IMG_3868Up at the allotment I spent a couple of hours yesterday reinstating the timed dripper system to water the seedlings in the greenhouse. It took some time last year, researching the available gadgets,  to make sure the one we bought would function at the very low pressure provided by the water butts. This battery operated model has been reliable for a whole season, and works on a reasonably small head of water.  Given that there’s no clean water available on the site for some weeks yet, I was so pleased when I rigged up a temporary tap from the water butts to find fresh clean rainwater – 1000 litres of it – flowing reliably through the system. Madame had taken a look at the rainwater in the trough but someone appeared to have washed a paintrush in it so it had a nasty blueish hue and was almost certainly contaminated with anti-fungal chemicals.

IMG_3876The other independent watering system we’ve used is soaker hose which we installed under the tomatoes last season and which worked very effectively over the first 2/3 of its length. That’s a point worth noticing, the hose we used was years old and had become kinked.  It would probably have worked under mains pressure, but trickle fed from a water butt wasn’t working at all.

I haven’t photographed the watering can but that became the mainstay of the watering regime during the hot weather last season.

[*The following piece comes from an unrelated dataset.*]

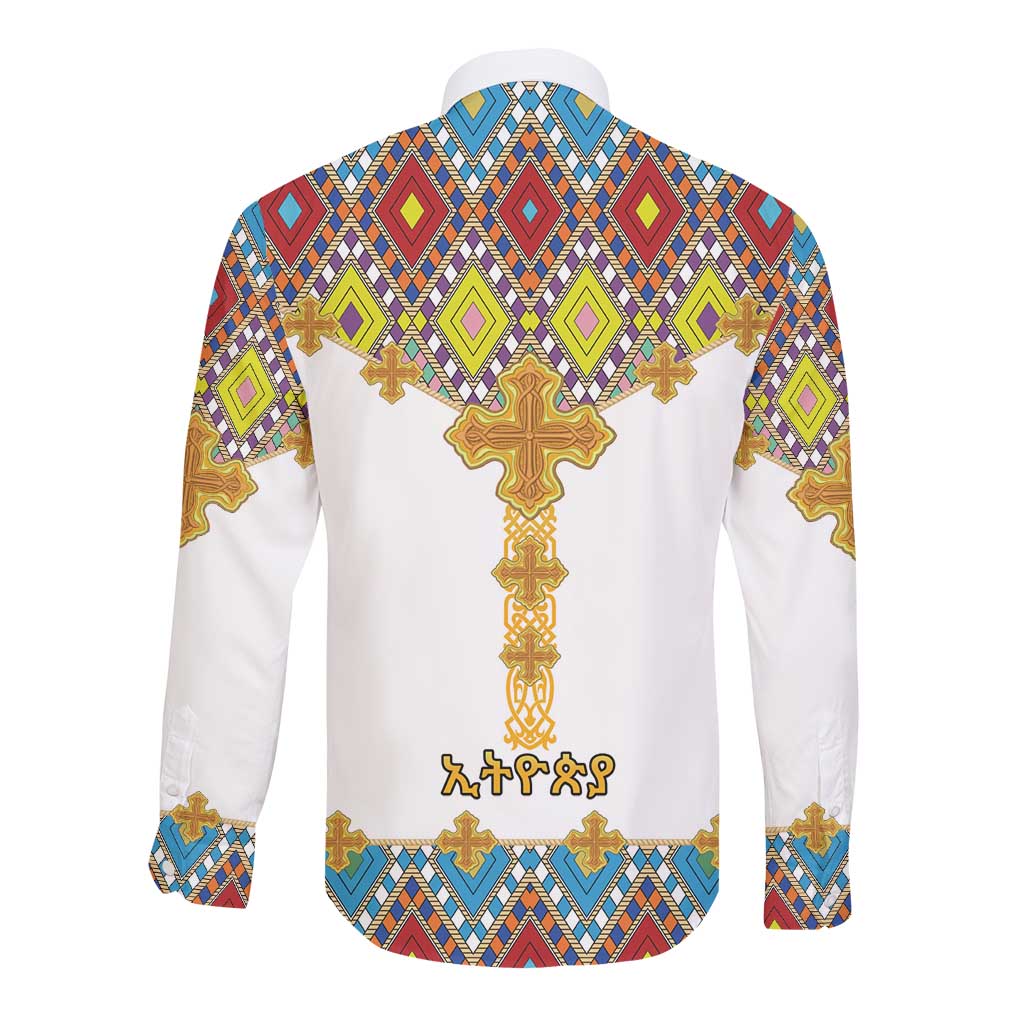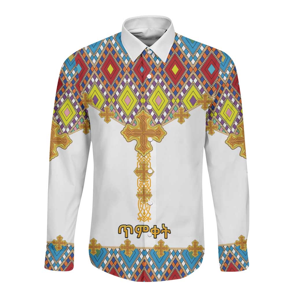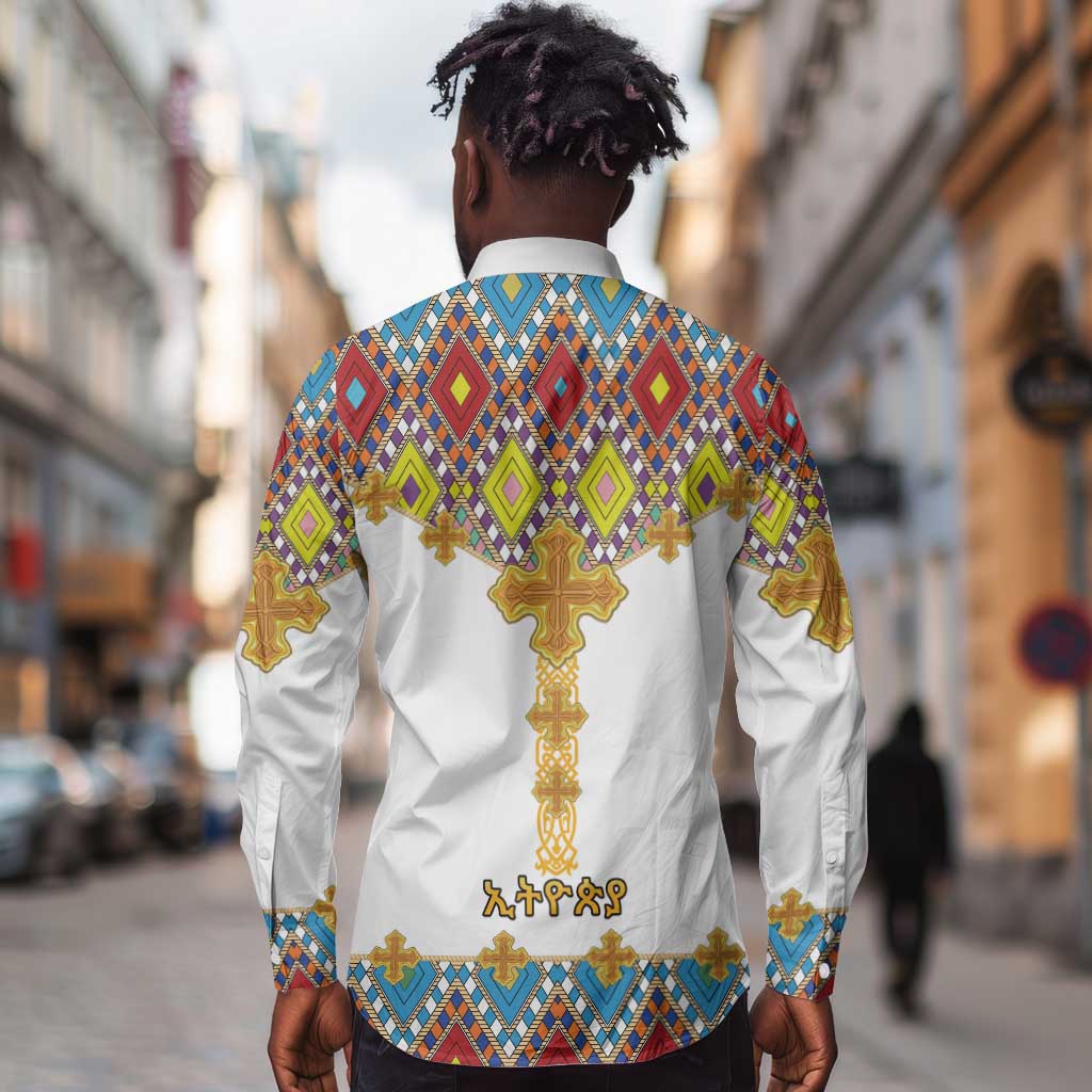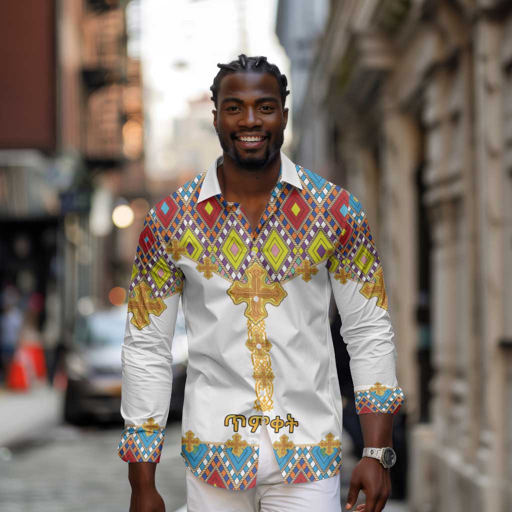 Happy Ethiopian Timkat Long Sleeve Button Shirt Cross Mix Tilet Pattern

None of the hoses – large or small – last forever, and under intense heat and sunlight most of the plastic hoses in the dripper and soaker hose systems had degraded and become stiff and liable to disconnect themselves.  I’d recommend changing them annually if you want complete reliability. Allotmenteering is incredibly rewarding but even the most dedicated of us need to factor in a degree of resilience against holidays or unanticipated absences, and that can’t safely be done at the last minute. With climate change well and truly in charge we really have no idea what climatic conditions we’re facing season by season.  Half of my time this winter has been spent mitigating potental excess rainfall and now I’m fully absorbed in planning for drought and heat. Ah well, life’s rich tapestry in the 21st century but you’d think there might be a bit more action at the top.  We’re not going to save the world with 1000 litres of water and a bit of clapped out soaker hose!

At last, the seaweed.

IMG_4681I think it was Samuel (Dr) Johnson who once said that every project bears within itself the possibility of failure.  If you wait until all possible objections have been met then you’ll never do whatever it is that’s in your mind. So piling a load of seaweed on to the asparagus bed could be construed as a bit risky were it not for the fact that we’ve seen it done at the Lost Gardens of Heligan without any obvious ill effects. Their bed, mind you, are about fifty times bigger than ours.

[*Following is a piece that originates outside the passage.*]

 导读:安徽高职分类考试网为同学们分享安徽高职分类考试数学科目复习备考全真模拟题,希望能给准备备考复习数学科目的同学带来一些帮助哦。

Today, having cut back this season’s growth and carefully hand weeded, I opened the very large sack of seaweed we brought back from North Wales and cautiously spread the first forkful on the bed. The smell was pretty awesome (to steal a phrase from WordPress) and there was a lively crew of sandhoppers and flies wondering how they’d managed to travel 220 miles from the beach they regarded as home; but it’s on now and I’m experiencing a strange feeling of satisfaction.  Whether the promised benefits of trace elements and soil conditioning along with a little salt and sand actually make a difference we shall see in six months time.  On the allotment the balance has now tilted in favour of next season. Over half has been cleared, manured and covered, and the depressing signs of wilting and decayed leaves have been consigned to the compost where a quite wonderful number of brandling have been busy breeding all summer.

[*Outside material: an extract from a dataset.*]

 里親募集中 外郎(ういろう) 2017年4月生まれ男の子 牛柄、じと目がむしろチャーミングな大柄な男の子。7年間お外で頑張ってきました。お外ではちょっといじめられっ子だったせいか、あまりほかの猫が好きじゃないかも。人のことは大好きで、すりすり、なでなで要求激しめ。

Madame meanwhile was planting up the spring window boxes for the flat, and clearing out the greenhouse of pots and growbags.  The spent remains of the bags and pots have all gone back on to the beds, more as soil conditioner than food.  Two mysteries were also resolved during the morning. The reason that one of the water butts was never refilling from the greenhouse roof turned out to be no more complicated than the fact that I’d turned off the wrong tap; and the second mystery – why was there a section of the tomatoes that always needed watering in spite of the soaker hose , turned out to be no more complicated than a kink in the pipe. I solved both problems with one poorly aimed jab of the fork, when the water sprayed into my face.